Франсуа Нурисье - Бар эскадрильи
Смерть, да. Возраст, да. Эти гвозди уже сидели в нем. И уже не один год по этим гвоздям довольно сильно стучали. Но каким образом так быстро рассыпались все мелкие удобства повседневной жизни? Каким образом позволил он разлететься во все стороны своим друзьям, распылиться своим привычкам? Было просто непостижимо, как такой короткий временной промежуток может отделять победителя от побежденного, человека от его тени. Он, конечно же, мог бы завладеть похищенными письмами, возвращенными затем в ящик Брютиже, составить список тех, кто его не бросил, выбрать среди них тех, кого он уважал, написать им, позвать их, объяснить положение вещей. «Вещей?» Объяснить им свое унижение?
Жос не представлял себе, как он поднимется в свой бывший кабинет и заберет, на этот раз по-настоящему, письма, которые ему принадлежали. Он не представлял себе, как после четырех месяцев необъяснимого для них молчания позовет этих людей и признается в своем крахе. Он не видел себя в роли дворняжки, которая прибегает, чтобы рассказать о полученных побоях и что-то поклянчить. Его беспомощное состояние пугало его, но все же меньше, чем рассказ об этом, горький, а может быть, даже и блестящий.

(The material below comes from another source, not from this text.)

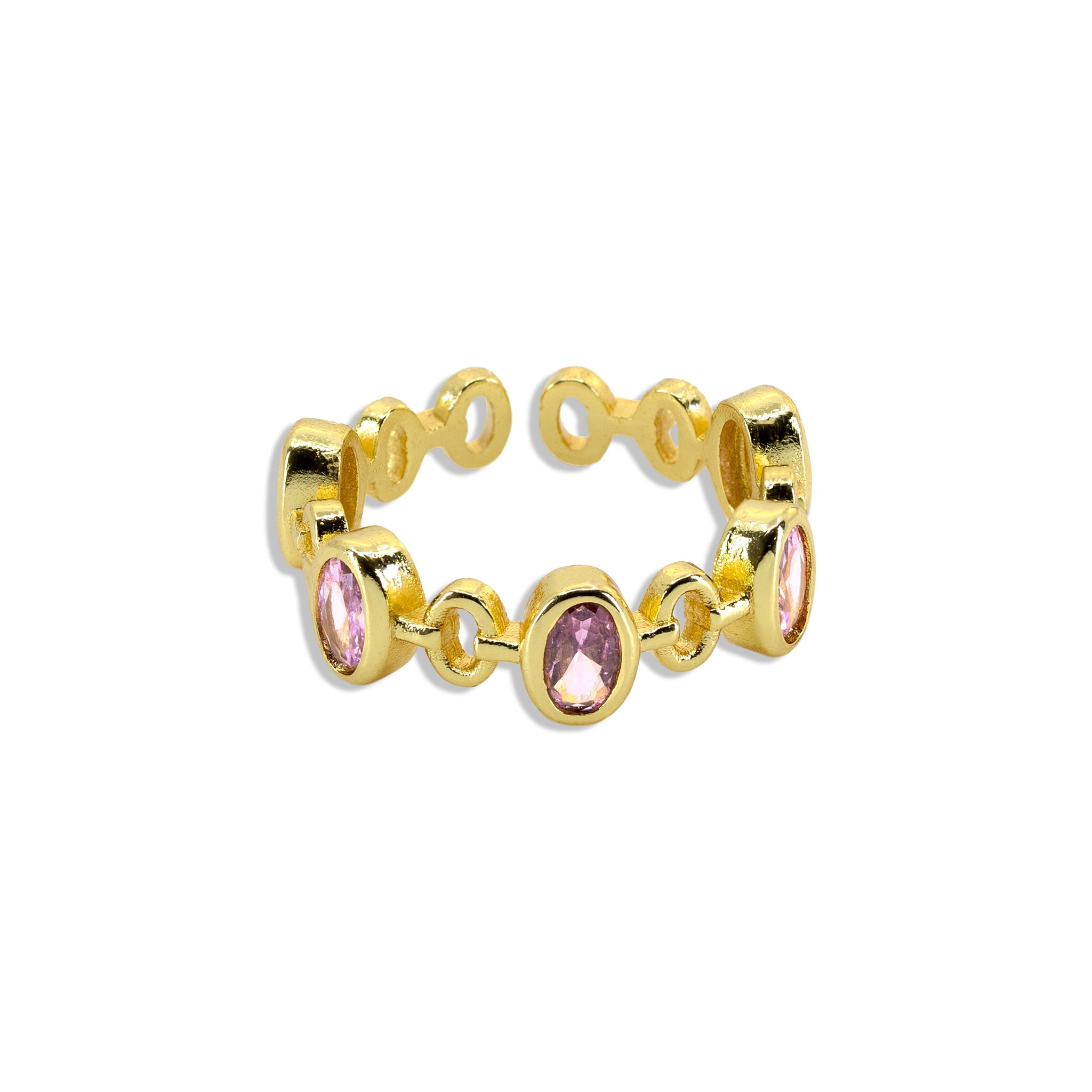 Ring mit runden rosa Schmucksteinen im Fassungs-Design, aus Messing mit 18k Vergoldung oder in Silber. Offen und verstellbar – modern, elegant und individuell tragbar.

Он встал. Марсиане, обнимающиеся на скамейках, некоторые на земле, в едком запахе пота и под мотивчик гармоники, смотрели, как Жос пошел к водосточному отверстию, порылся в карманах, наклонился и бросил туда какой-то блеснувший в воздухе предмет, возможно, ключ или связку ключей. Послышались комментарии на каком-то хриплом языке, смех. Но когда Жос выпрямился, на лицах уже было написано прежнее равнодушие. Он направился в сторону улицы Аббей. Когда-то там был бар, где пели два американца, черный и белый. Они с Сабиной любили это место в начале пятидесятых. Там они пили коктейль из джина с лимонным соком и никогда не аплодировали: щелкали пальцами. Это было особенностью того заведения. Гордон и Ли? Так, кажется? Два имени возникли, не очень отчетливо, из тридцатилетнего забытья. Жос прошел не глядя между витринами Дельпира и Геербранта. Они тоже отныне принадлежали прошлому, вместе с воспоминаниями о соизданиях, об общих вернисажах, проектах, неудачах, удачах — всём том, что сопровождало его профессию и его жизнь и что, как ему казалось, будет длиться вечно. Но вот пришло равнодушие. Раньше, когда у него были увлечения, то есть кое-какие утайки и эскапады, которые случаются в жизни каждого мужчины, Жос никогда не переносил, чтобы, когда все было кончено, партнерши посылали ему свои письма, напоминали ему о былых смятениях. Он решил по отношению к актерам и статистам из своего прошлого занять естественную для него позицию. Он черпал моральную поддержку в этом своем решении, обретал иллюзию, будто он все еще бодр и свободен, как это бывало у него с женщинами, когда желание было удовлетворено, как это имело место два или три раза, еще и потом, во времена Клод, когда он по-глупому сопротивлялся ее любви, скорее из страха. Потом наступил покой. И он длился одиннадцать лет.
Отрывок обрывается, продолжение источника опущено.